Autor: Ludka Skrzydlewska
Tytuł: Jego własność
Wydawnictwo: Editio
Data wydania: 2022
Ilość stron: 320
Ocena: 8/10
Opis:
Miała być tylko pionkiem na planszy jego biznesu. Stała się kimś o wiele ważniejszym.
Podobno sztuka łagodzi obyczaje. Z pewnością nie dotyczy to Williama Wolfe'a, gangstera i... kolekcjonera. To człowiek, który nie tylko nosi drapieżne nazwisko ― potrafi być naprawdę niebezpieczny, zwłaszcza gdy ktoś próbuje go oszukać. Na przykład sprzedać mu podrabianą grafikę. Taki błąd popełnił Kieran, narzeczony Bronte Dixon.
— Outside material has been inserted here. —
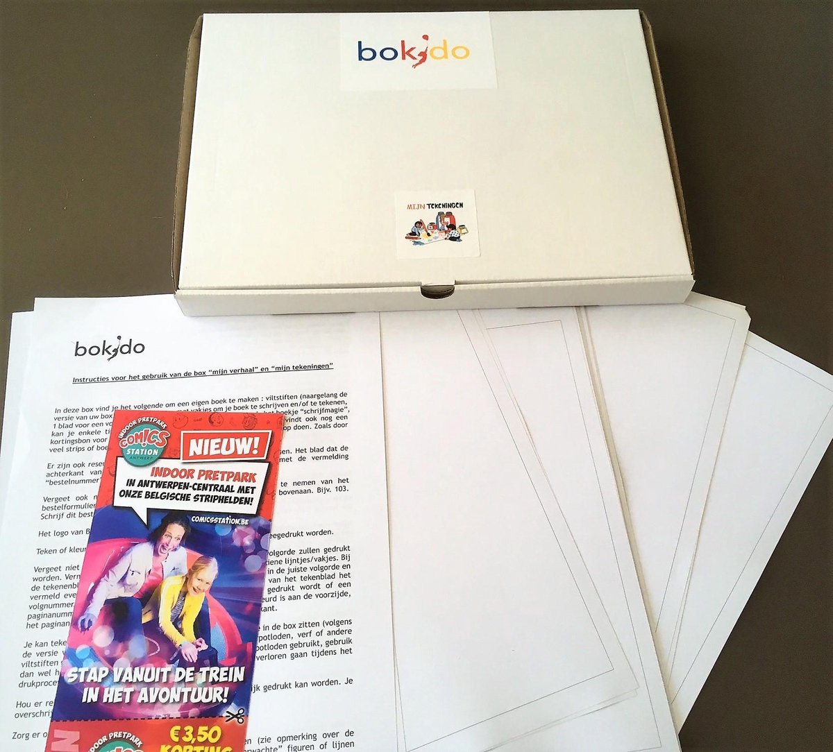 Box met sjablonen om tekeningen te maken, incl. voorkaft en achterkaft : 12 pagina's (incl. kaft). Het boekje wordt echt gedrukt. Met een bestelformulier voor je eigen gedrukt boek met tekeningen. Stuur de tekeningen op en je krijgt een gedrukt boekje terug. Een eigen gedrukt boekje van 12 pagina's met tekeningen. Leuk als herinnering om te bewaren of om cadeau te geven ! Voor jongere kinderen die nog geen teksten kunnen schrijven of voor kinderen die gewoon graag tekeningen maken. Meer informatie op www.bokido.be Met deze aankoop steunt u ook vzw Bednet en vzw Pelicano Foundation

W dodatku wmanewrował rzeczoznawczynię w potwierdzenie autentyczności obrazu, po czym zniknął. Co oznacza, że teraz to ona ma poważne kłopoty. Nie dość, że o nielojalności narzeczonego dowiaduje się od bandyty, to jeszcze William Wolfe oczekuje od niej, że odpracuje dla niego dług Kierana. Dług wynoszący, bagatela, pięć milionów dolarów. Sytuacja nie do pozazdroszczenia, tym bardziej że gangster wie o przeszłości dziewczyny coś, co powinno pozostać tajemnicą. I nie zawaha się skorzystać z tej wiedzy, jeżeli Bronte mu się sprzeciwi...
Recenzja:
Ludka, oh Ludka, mogłabym naprawdę czytać twoje książki ciągle, bez żadnych przerw. I zwykle to tak wygląda, że jak już dopadam do jakiejś nowości, to pochłaniam, a bardziej pożeram wzrokiem, w ciągu jednego południa lub wieczoru - a później narzekam, że mi mało twórczości tej pisarki.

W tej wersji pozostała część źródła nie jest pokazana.